Caleb, it's always great to have you back. You've been tracking some interesting patterns when it
comes to phishing attempts.
You've got some interesting insights of the phishing we've seen related to COVID-19.
What can you share with us today?
Well, Dave, any time we see a major event,
could be a sporting event like the Super Bowl or World Cup,
could be a weather event like a hurricane or a typhoon,
but any time that there's an opportunity where people want new information, they want to
get access to maybe a better view on things, they're much more likely to click on a link.
And it's not surprising that we've seen a dramatic increase in phishing attempts. Depending on
which news outlet you look at, you can see Google's talking about an increase of about 350% amid COVID-19.
IBM X-Force is out saying that they've seen an increase of almost 14,000%, which I don't
even know how you calculate that number.
But anyway, the point is, and I don't think it's any surprise to anybody, all of the fishers
are now leveraging COVID-19 type fish bait.
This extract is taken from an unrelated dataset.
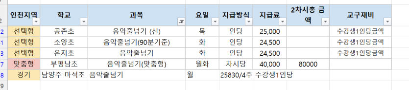 근무장소,요일,금액: 남양주 마석초-월,1인당 25830,인천공촌초-화.40분2차시 72000원 ,인천소양초-1인당24500원,인천은지초-화,1인당24500원

We've even seen, you know, lots of fake sites getting set up, you know, variants, for example, of Zoom conferencing because, you know, Zoom is obviously one of the more popular solutions that people are using to communicate through this crisis.
And you're not seeing, you know, three or four examples.
You're seeing hundreds and hundreds of examples of these fake sites.
Right.
But here's what nobody's talking about.
Why is it so much larger than things we've seen in the past?
And there's a big reason why.
Any guesses, Dave?
Well, I mean, my initial response would be that this event is bigger than things we've seen in the past.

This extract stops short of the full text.